StyleGAN-Human: A Data-Centric Odyssey of Human Generation

Overview

StyleGAN-Human: A Data-Centric Odyssey of Human Generation

Abstract: Unconditional human image generation is an important task in vision and graphics, which enables various applications in the creative industry. Existing studies in this field mainly focus on "network engineering" such as designing new components and objective functions. This work takes a data-centric perspective and investigates multiple critical aspects in "data engineering", which we believe would complement the current practice. To facilitate a comprehensive study, we collect and annotate a large-scale human image dataset with over 230K samples capturing diverse poses and textures. Equipped with this large dataset, we rigorously investigate three essential factors in data engineering for StyleGAN-based human generation, namely data size, data distribution, and data alignment. Extensive experiments reveal several valuable observations w.r.t. these aspects: 1) Large-scale data, more than 40K images, are needed to train a high-fidelity unconditional human generation model with vanilla StyleGAN. 2) A balanced training set helps improve the generation quality with rare face poses compared to the long-tailed counterpart, whereas simply balancing the clothing texture distribution does not effectively bring an improvement. 3) Human GAN models with body centers for alignment outperform models trained using face centers or pelvis points as alignment anchors. In addition, a model zoo and human editing applications are demonstrated to facilitate future research in the community.
Keyword: Human Image Generation, Data-Centric, StyleGAN

Jianglin Fu, Shikai Li, Yuming Jiang, Kwan-Yee Lin, Chen Qian, Chen Change Loy, Wayne Wu, and Ziwei Liu
[Demo Video] | [Project Page] | [Paper]

Updates

  • [26/04/2022] Technical report released!
  • [22/04/2022] Technical report will be released before May.
  • [21/04/2022] The codebase and project page are created.

Model Zoo

Structure 1024x512 512x256
StyleGAN1 stylegan_human_v1_1024.pkl to be released
StyleGAN2 stylegan_human_v2_1024.pkl stylegan_human_v2_512.pkl
StyleGAN3 to be released stylegan_human_v3_512.pkl

Web Demo

Integrated into Huggingface Spaces 🤗 using Gradio. Try out the Web Demo for generation: Hugging Face Spaces and interpolation Hugging Face Spaces

We prepare a Colab demo to allow you to synthesize images with the provided models, as well as visualize the performance of style-mixing, interpolation, and attributes editing. The notebook will guide you to install the necessary environment and download pretrained models.

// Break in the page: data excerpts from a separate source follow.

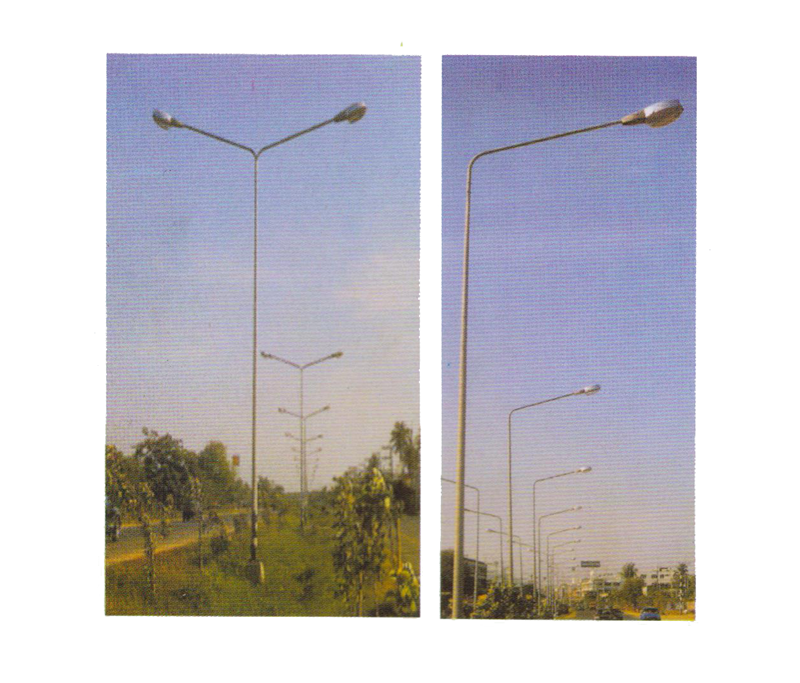 เสาไฟฟ้าทุกต้นทำด้วยแผ่นเหล็กม้วนร้อน หนา 3.5-4.5 มม. มีจุดคาดมากกว่า 25 กก/ตร.ม. และมีความต้าน- ทานแรงดึง มากกว่า 41/กก.ตร.มม.เสาทุกต้นไม่มีรอยต่อ และผลิตตามมาตรฐานอังกฤษ บี. เอส. 1840/1960กิ่งโคมแบบกิ่งเดี่ยว กิ่งคู่ หรือหลายกิ่ง ประกอบเข้ากับโคมไฟแบบต่างๆ ของผู้ผลิตได้ เสาทุกต้นมีประตูที่ปิดไว้ อย่างปลอดภัยซึ่งเปิดได้ด้วยกุญแจ พิเศษเท่านั้น โดยภายในมีแผ่นสำหรับติดคาร์ทริดจ์ฟิวส์ จัดให้มาพร้อมเสา เสาทั้งหมดมีแผ่นฐานเสาที่ได้ขนาดมาตรฐาน เพื่อ ตั้งบนฐานรองรับ ที่เหมาะสม เสาทั้งหมดผ่านการชุบสังกะสี แบบจุ่มร้อน (Hot Dip Galvanizing) ผลิตภัณฑ์ของทางบริษัทฯ ได้รับการรับประกัน ด้วยการควบคุมคุณภาพในการ ผลิตที่เข้มงวด ทั้งนี้เพื่อให้ได้มาซึ่งความพอใจของลูกค้าเป็นสำคัญ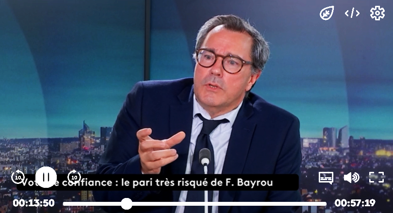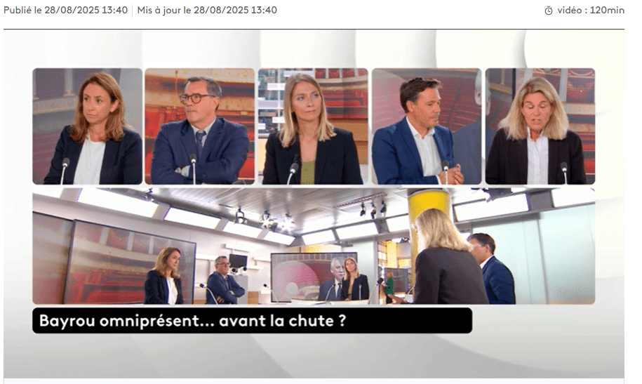 Publié le 26 août 202529 août 2025 par Olivier Rouquan La situation après l’annonce du vote de confiance FranceInfoTV, 25 août 2025, 23h Regardez l’émission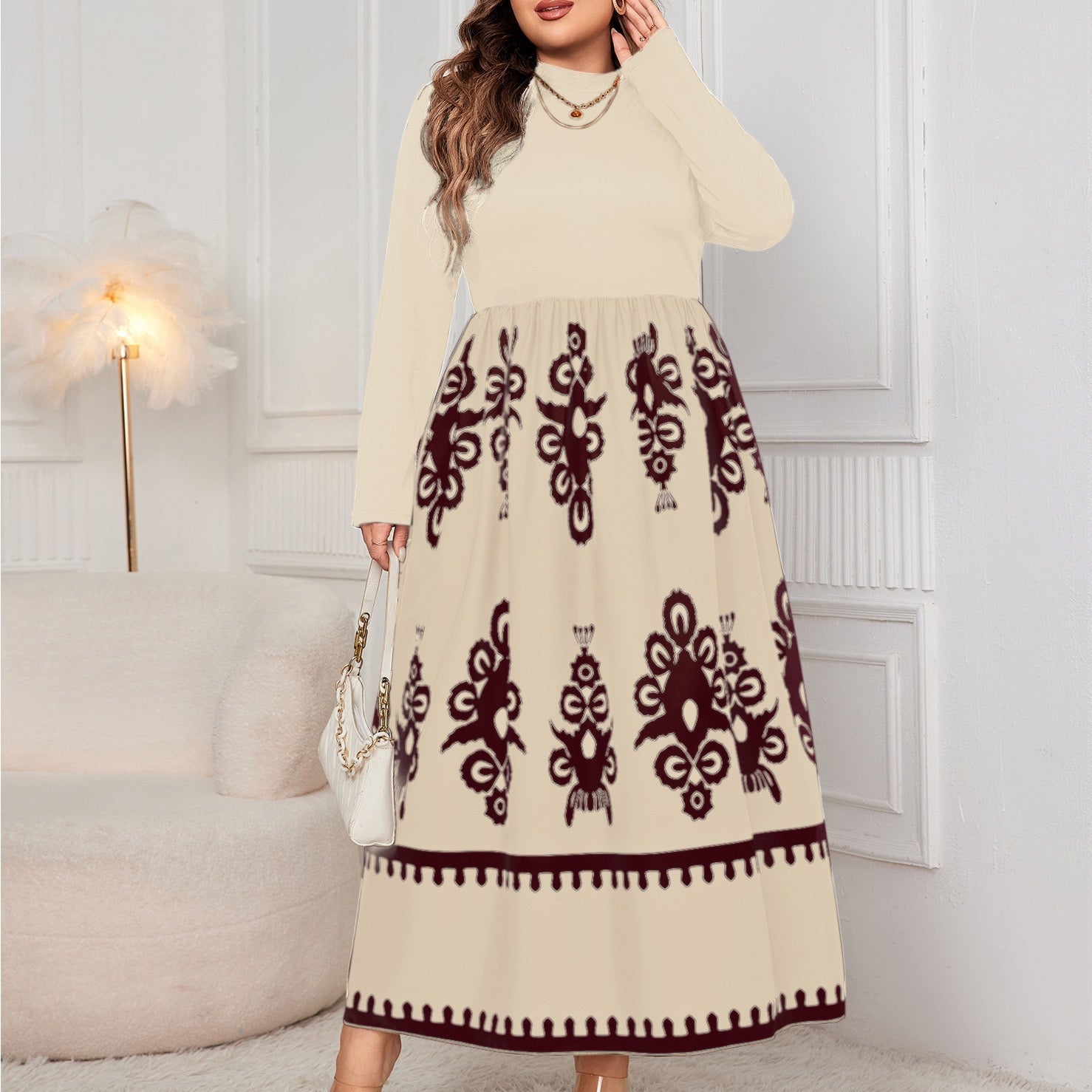 Plus Size Elegant Printed Long Sleeve Maxi Dress

The output images can be found in ./StyleGAN-Human/outputs/. Hope you enjoy!

Usage

System requirements

Installation

To work with this project on your own machine, you need to install the environmnet as follows:

conda env create -f environment.yml
conda activate stylehuman
# [Optional: tensorflow 1.x is required for StyleGAN1. ]
pip install nvidia-pyindex
pip install nvidia-tensorflow[horovod]
pip install nvidia-tensorboard==1.15

Extra notes:

  1. In case having some conflicts when calling CUDA version, please try to empty the LD_LIBRARY_PATH. For example:
LD_LIBRARY_PATH=; python generate.py --outdir=out/stylegan_human_v2_1024 --trunc=1 --seeds=1,3,5,7 
--network=pretrained_models/stylegan_human_v2_1024.pkl --version 2
  1. We found the following troubleshooting links might be helpful: 1., 2.

Pretrained models

Please put the downloaded pretrained models from above link under the folder 'pretrained_models'.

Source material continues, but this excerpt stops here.